Machine learning has been around for many decades now. Starting with the Rosenblatt Perceptron in the 1950s, followed by Multilayer Perceptrons and a variety of other machine learning techniques like Support Vector Machines, we have arrived in the age of deep neural networks since 2012.
In the last few years, we have seen an explosion of machine learning research: a wide variety of neural network architectures was invented, published, and the same goes for tuning the neural networks - i.e., what set of hyperparameters works best given a certain problem scenario. That's why training a neural network is often considered to be more of an art than a science - intuition through experience often guides the deep learning engineer into picking the right configuration for their model.
However, I do believe that this is going to end. Not deep learning itself, but the amount of knowledge required for successfully training a deep neural network. In fact, training ML models is being commoditized... and in today's blog, we'll cover one of the ways in which this is currently happening, namely, with the Keras Tuner. Keras Tuner is a technique which allows deep learning engineers to define neural networks with the Keras framework, define a search space for both model parameters (i.e. architecture) and model hyperparameters (i.e. configuration options), and first search for the best architecture before training the final model.
We'll first cover the supervised machine learning process and illustrate hyperparameter tuning and its difficulties in more detail. Subsequently, we'll provide some arguments as to why automating hyperparameter tuning can lead to better end results in possibly less time. Then, we introduce the Keras Tuner, and close off with a basic example so that you can get basic experience. In another blog post, we'll cover the Keras Tuner building blocks, which will help you gain a deeper understanding of automated hyperparameter tuning.
Update 08/Dec/2020: added references to PCA article.
Let's take a step back.

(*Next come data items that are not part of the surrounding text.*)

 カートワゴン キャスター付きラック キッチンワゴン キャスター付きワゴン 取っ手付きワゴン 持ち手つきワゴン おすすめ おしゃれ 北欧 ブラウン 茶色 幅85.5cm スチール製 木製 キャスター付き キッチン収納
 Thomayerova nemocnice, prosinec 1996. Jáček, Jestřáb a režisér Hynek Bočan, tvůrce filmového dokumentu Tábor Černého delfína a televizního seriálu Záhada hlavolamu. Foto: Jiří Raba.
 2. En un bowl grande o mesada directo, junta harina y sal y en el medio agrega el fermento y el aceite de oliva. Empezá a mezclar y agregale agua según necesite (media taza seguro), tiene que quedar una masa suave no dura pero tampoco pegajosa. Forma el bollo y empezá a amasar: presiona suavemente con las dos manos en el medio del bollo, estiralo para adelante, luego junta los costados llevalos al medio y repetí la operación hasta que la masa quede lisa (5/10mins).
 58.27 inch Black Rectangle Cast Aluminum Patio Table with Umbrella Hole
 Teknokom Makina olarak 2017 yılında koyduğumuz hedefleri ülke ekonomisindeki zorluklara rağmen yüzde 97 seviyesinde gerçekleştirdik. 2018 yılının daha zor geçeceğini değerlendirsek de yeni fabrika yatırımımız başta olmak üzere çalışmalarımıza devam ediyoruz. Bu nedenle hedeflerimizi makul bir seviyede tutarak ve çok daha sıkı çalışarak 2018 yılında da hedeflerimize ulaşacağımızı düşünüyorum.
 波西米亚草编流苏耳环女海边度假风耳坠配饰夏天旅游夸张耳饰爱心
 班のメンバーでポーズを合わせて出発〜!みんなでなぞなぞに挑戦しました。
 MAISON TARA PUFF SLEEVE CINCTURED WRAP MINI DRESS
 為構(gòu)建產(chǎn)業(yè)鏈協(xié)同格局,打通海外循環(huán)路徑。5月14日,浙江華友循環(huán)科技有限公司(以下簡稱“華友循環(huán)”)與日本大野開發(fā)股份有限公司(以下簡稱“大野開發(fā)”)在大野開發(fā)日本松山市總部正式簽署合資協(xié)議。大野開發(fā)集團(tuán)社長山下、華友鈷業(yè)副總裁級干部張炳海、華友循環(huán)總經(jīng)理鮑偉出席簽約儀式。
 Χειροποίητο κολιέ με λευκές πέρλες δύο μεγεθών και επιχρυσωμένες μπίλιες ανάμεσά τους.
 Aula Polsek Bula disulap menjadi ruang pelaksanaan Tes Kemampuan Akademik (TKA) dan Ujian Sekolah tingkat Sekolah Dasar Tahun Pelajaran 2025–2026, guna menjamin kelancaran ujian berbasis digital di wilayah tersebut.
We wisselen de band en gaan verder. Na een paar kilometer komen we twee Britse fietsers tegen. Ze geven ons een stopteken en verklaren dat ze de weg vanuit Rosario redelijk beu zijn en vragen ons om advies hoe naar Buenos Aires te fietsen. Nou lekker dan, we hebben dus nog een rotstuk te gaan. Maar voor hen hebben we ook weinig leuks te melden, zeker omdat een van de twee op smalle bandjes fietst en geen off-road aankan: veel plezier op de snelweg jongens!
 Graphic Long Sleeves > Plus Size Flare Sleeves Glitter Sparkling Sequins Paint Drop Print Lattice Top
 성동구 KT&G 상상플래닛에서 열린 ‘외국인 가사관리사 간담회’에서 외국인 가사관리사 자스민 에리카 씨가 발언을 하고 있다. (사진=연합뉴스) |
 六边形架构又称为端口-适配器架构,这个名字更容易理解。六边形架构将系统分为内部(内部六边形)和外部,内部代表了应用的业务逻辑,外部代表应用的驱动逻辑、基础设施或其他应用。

Before we can understand automated parameter and hyperparameter tuning, we must first take a look at what it is in the first place.
That's why we'll take a look at the high-level supervised machine learning process that we're using to explain how training a neural network works throughout this website.
Here it is:
In your machine learning workflow, you have selected or extracted features and targets for your model based on a priori analysis of your dataset - perhaps using dimensionality reduction techniques like PCA. Using those features, you will be able to train your machine learning model - visible in green. You do so iteratively:
If you look at how we build models, you'll generally see that doing so consists of three individual steps:
In step (1), you add various layers of your neural network to the skeleton, such as the Convolutional Neural Network created here with Keras:
# Create the model
model = Sequential()
model.add(Conv2D(32, kernel_size=(3, 3), activation='relu', input_shape=input_shape))
model.add(Conv2D(64, kernel_size=(3, 3), activation='relu'))
model.add(Conv2D(128, kernel_size=(3, 3), activation='relu'))
model.add(Flatten())
model.add(Dense(128, activation='relu'))
model.add(Dense(no_classes, activation='softmax'))
Here, the architectural choices you make (such as the number of filters for a Conv2D
layer, kernel size, or the number of output nodes for your Dense
layer) determine what are known as the parameters of your neural network - the weights (and by consequence biases) of your neural network:
The parameters of a neural network are typically the weights of the connections. In this case, these parameters are learned during the training stage. So, the algorithm itself (and the input data) tunes these parameters.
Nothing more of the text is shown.